Characterizing Semiconductor Structures with IR PiFM

Advanced semiconductor devices depend on intricate 3D architectures made up of diverse material layers, each critical to overall chip performance.

The most popular methods for characterizing these structures are transmission electron microscopy (TEM) and scanning transmission electron microscopy (STEM), which are widely regarded for their excellent spatial resolution.^1,2 Furthermore, electron energy loss spectroscopy (EELS) can deliver chemical and bonding data at the nanometer scale by evaluating inelastically scattered electrons.³

To achieve maximum spatial resolution with these methods, samples must be cut into cross-sections thinner than 100 nm. This process is time-consuming and requires costly, specialized equipment, limiting throughput and accessibility.

Even with such extensive sample preparation, EELS is further restricted by the risk of beam damage in organic materials, decreased sensitivity with high-Z elements, and complex data interpretation.^3,4

IR PiFM could be an ideal method for characterizing the intricate processes used in the manufacture of sophisticated semiconductor devices. It provides remarkable sensitivity to local chemical bonding information and sub-5 nm spatial resolution in chemical mapping,

To demonstrate this ability, a cross-section (rather than a lamella) was prepared from a power management region of a 3 nm commercially available die/system-on-chip from a consumer wearable device and characterized using IR PiFM.

Figure 1. Optical image of the cross-section sample with the region of topography (bottom, 10 mm × 10 mm) indicated by a yellow arrow. A 5 µm × 2 µm region from the center of the lower topography image was analyzed further by acquiring PiF-IR spectra at the locations marked on the upper topography image. The middle image in the column shows the PiFM image acquired at 1103 cm⁻¹, corresponding to the major SiO₂ peak, from the same location. Image Credit: Molecular Vista

Figure 1 displays the optical image of the cross-section, AFM topography, and PiFM image, indicating the locations where 50 PiF-IR spectra were collected. These spectra originate from the silicon substrate (spectra 1-5) and span four silicon oxide (spectra 6-10, 14-21, 26-34, and 39-50) and three metallic regions (spectra 11-13, 22-25, and 35-38).

The silicon and metallic regions reveal major siloxane peaks at 803, 1021, 1100, and 1262 cm⁻¹, as well as a C-H bending peak at 1462 cm⁻¹ from a hydrocarbon contaminant.
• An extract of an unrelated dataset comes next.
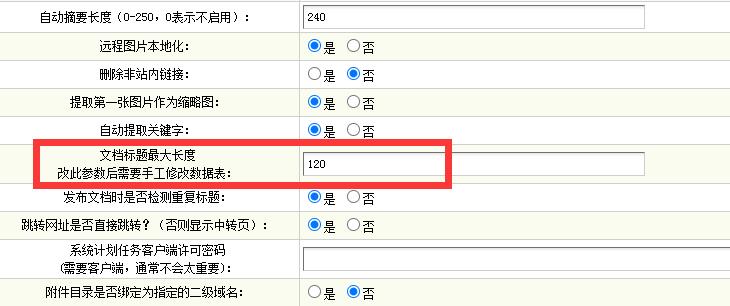 首先:進(jìn)入后臺 -> 系統(tǒng) -> 系統(tǒng)基本參數(shù)->其它選項(xiàng) -> 文檔標(biāo)題最大長度把次參數(shù)修改為需要設(shè)置的標(biāo)題最大長度,默認(rèn)參數(shù)是60,一般我們修改成120(根據(jù)需要填寫數(shù)值)。如下圖:

Owing to the greater field enhancement of the tip-enhanced IR light, the peak at 1462 cm⁻¹ is stronger on the metal than on the silicon, making 1462 cm⁻¹ an effective wavenumber for highlighting the metallic region.

From spectrum to spectrum within the oxide regions, the broad silicon oxide peak near 1100 cm⁻¹ shows subtle differences in magnitude, peak position, and shape. These variations likely reflect fluctuations in oxide chemistry at distinct process levels.⁵ As oxide deposition conditions and available precursors can differ between layers, the local chemistry of silicon oxide can also vary, and PiFM is able to detect those differences.

Figure 2 presents six PiFM images obtained at the same location using different wavenumbers; the top-row images (corresponding to Si–O bonding) appear similar but exhibit minor differences in relative intensity and spatial variations. Again, this likely arises from differences in the growth conditions of the oxide layers.

Inside the red rectangle of the image at 1103 cm⁻¹, three dark regions appear to bridge the metallic layers highlighted in the image at 1460 cm⁻¹.

These regions exhibit higher brightness than the surrounding oxide region yet remain darker than the metallic regions, suggesting the presence of a buried conductive path. This causes the oxide layer above it to be thinner, as evidenced by the reduced signal intensity at the same locations in the oxide-highlighting images.

The images at 970 cm⁻¹ and 1200 cm⁻¹ uncover additional finer features. The image at 970 cm⁻¹ shows a clear, sharp edge around the metallic characteristics, including a roughly 150 nm × 400 nm notch that was significantly less visible in topography. The image at 1200 cm⁻¹ also highlights the suggested conducting material clearly, although the material associated with 1200 cm⁻¹ remains unclear.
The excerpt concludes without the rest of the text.